It can also be expressed as ::1

IPv6 Subnetting;
The design of the IPv6 address space differs significantly from IPv4. The primary reason for subnetting in IPv4 is to improve efficiency in the utilization of the relatively small address space available, particularly to enterprises. No such limitations exist in IPv6, as the address space available even to end-users is large.
An IPv6 subnet always has 64 bits in its host portion. It therefore has a /64 routing prefix (the 64 most-significant bits). Although it is technically possible to use smaller subnets, they are impractical for local area networks because stateless address autoconfiguration of network interfaces (RFC 4862) requires a /64 address. IPv6 does not implement special address formats for broadcast traffic or network numbers, and thus all addresses in a subnet are valid host addresses.

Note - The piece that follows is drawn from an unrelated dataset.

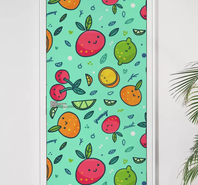 Breng kleur en speelsheid in je interieur met onze Deursticker speelse fruitpatronen. Dit unieke grafische ontwerp bevat vrolijke tekeningen van fruit in een schattige illustratiestijl, perfect voor elke deur. De levendige kleuren en de speelse uitstraling maken het een geweldige toevoeging aan je huis. Laat de natuur binnenkomen en geef je ruimte een frisse, vrolijke look!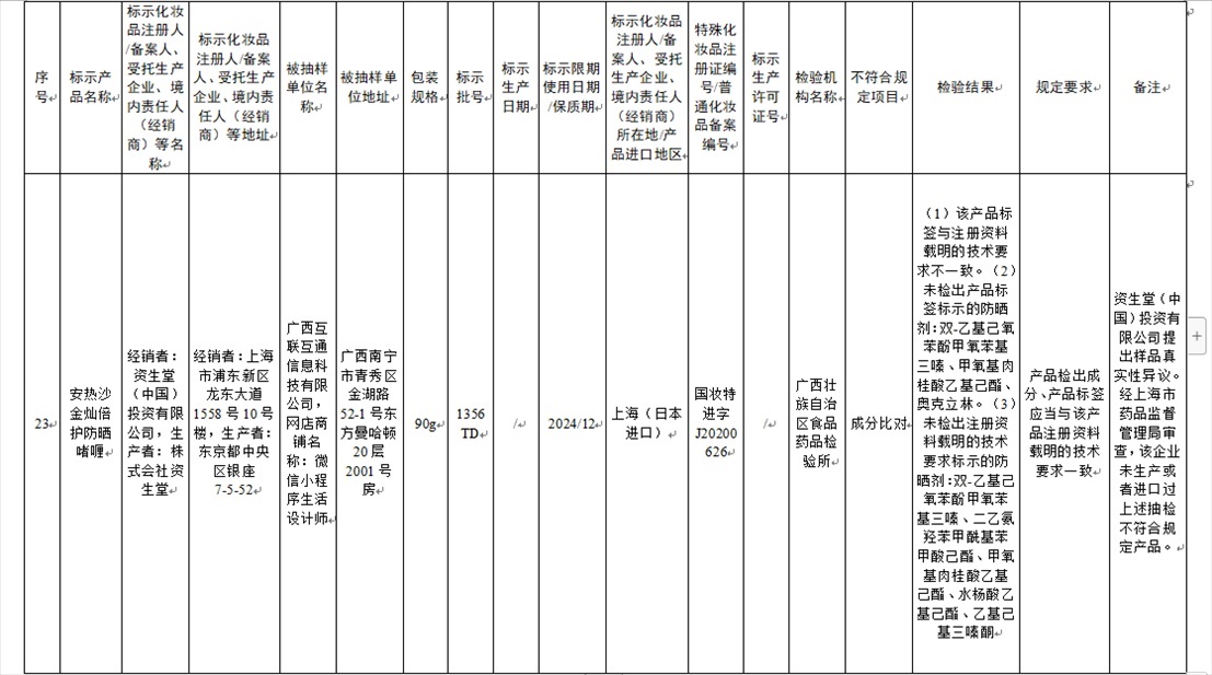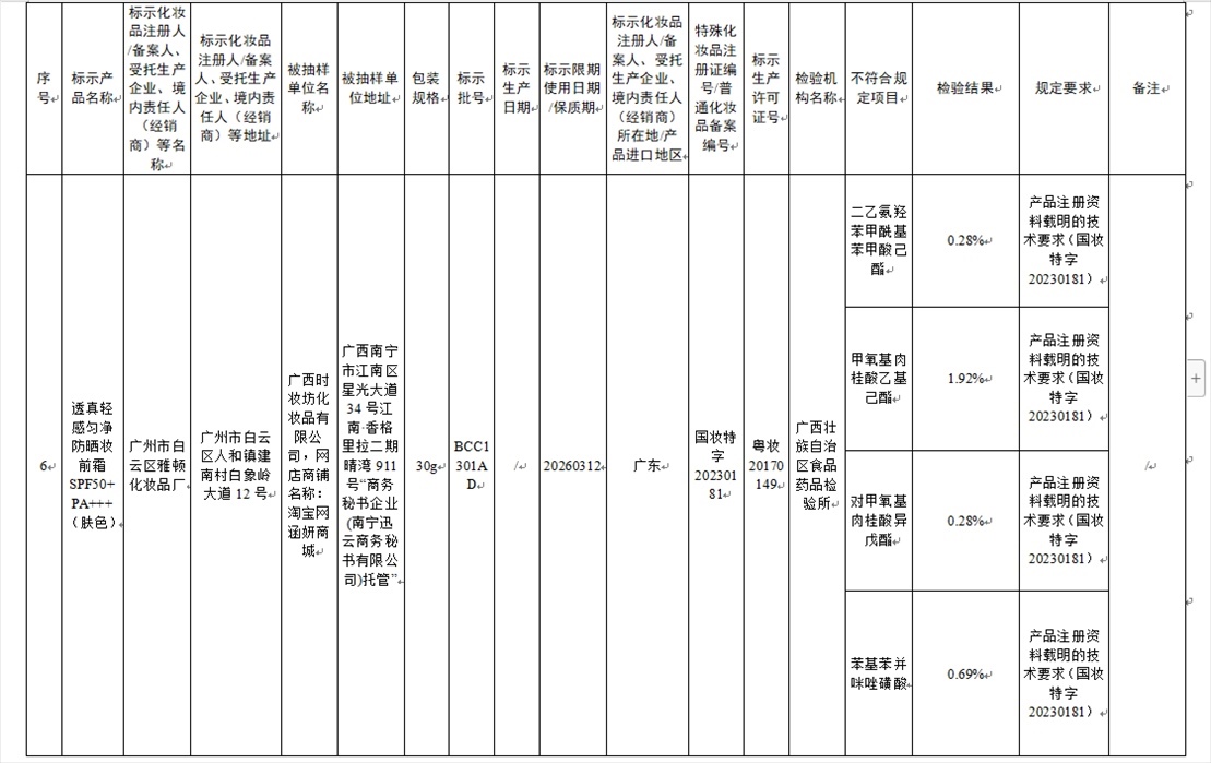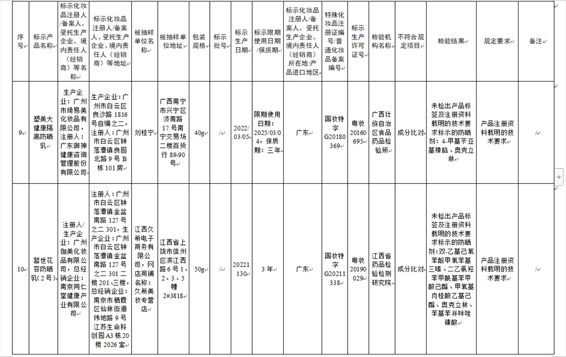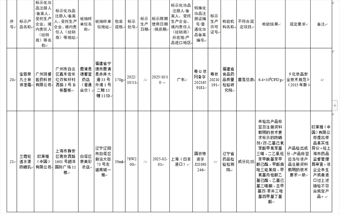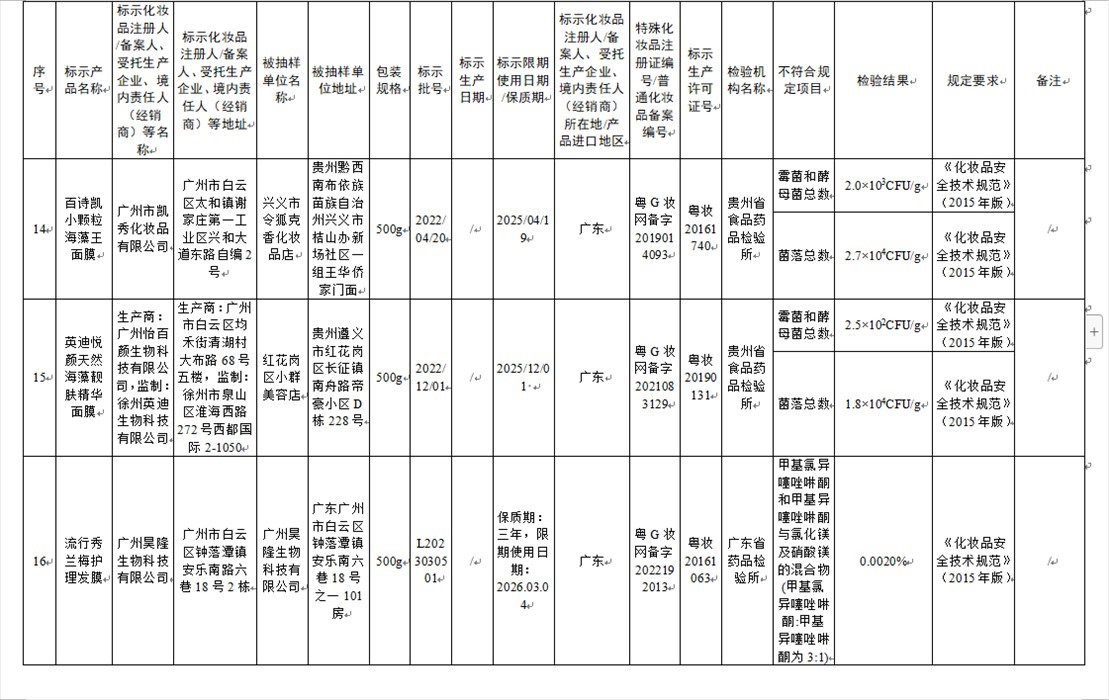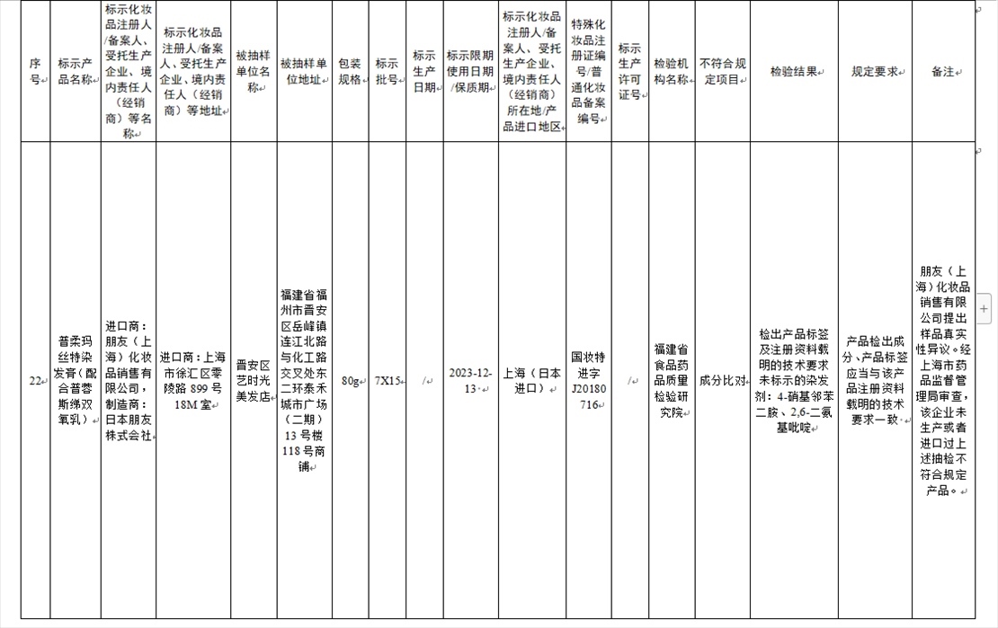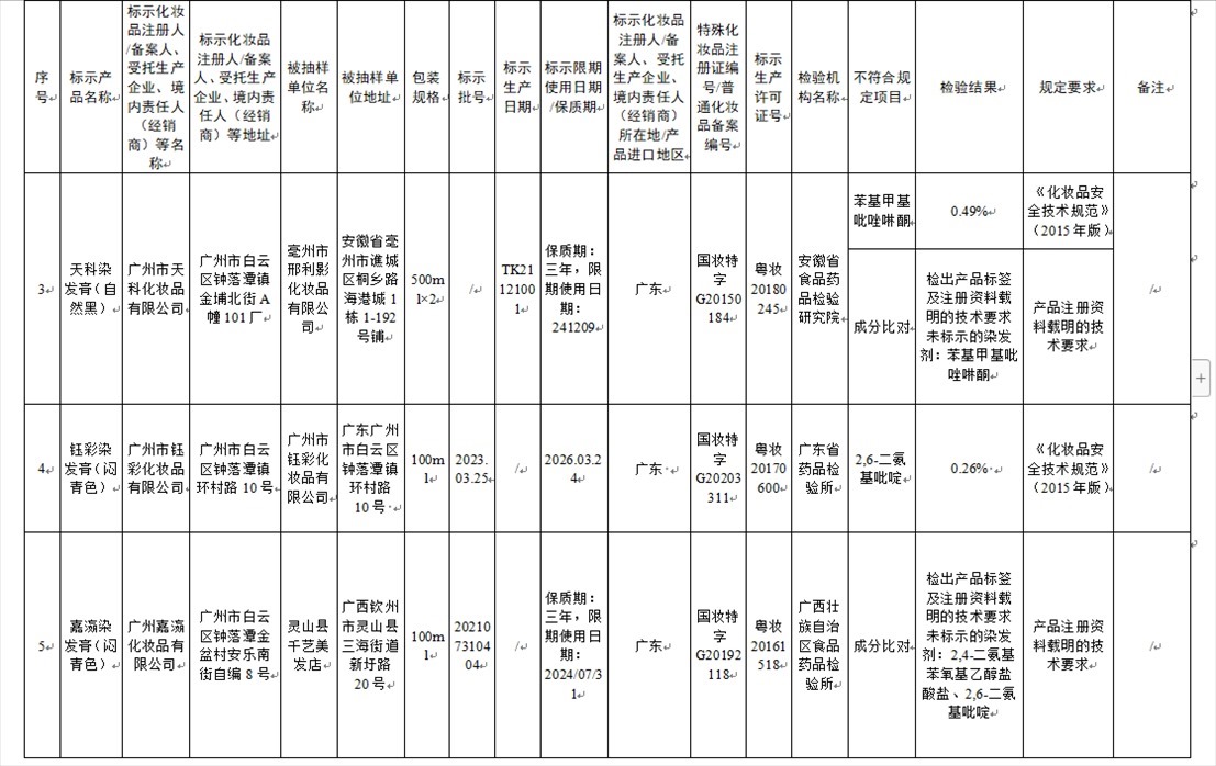 國家藥監(jiān)局網(wǎng)站今天發(fā)布通告稱,在2023年國家化妝品抽樣檢驗工作中,經(jīng)重慶市食品藥品檢驗檢測研究院等單位檢驗,產(chǎn)品標簽標示為廣州市天科化妝品有限公司生產(chǎn)的天科染發(fā)膏(自然黑)等23批次化妝品不符合規(guī)定(見下圖表格)。

The recommended allocation for an IPv6 customer site is an address space of 80 address bits (prefix /48), but it may be as small as 72 bits (/56 allocation) for a residential customer network.[4] This provides 65,536 subnets for a site, or at least a minimum of 256 subnets for a residential network. Subnetting in IPv6 is used to route traffic between the global allocation spaces and within customer network between subnets and the larger Internet. Subnetting in IPv6 is also based on the concepts of Classless Inter-Domain Routing and the standard CIDR notation is used with IPv6 addresses.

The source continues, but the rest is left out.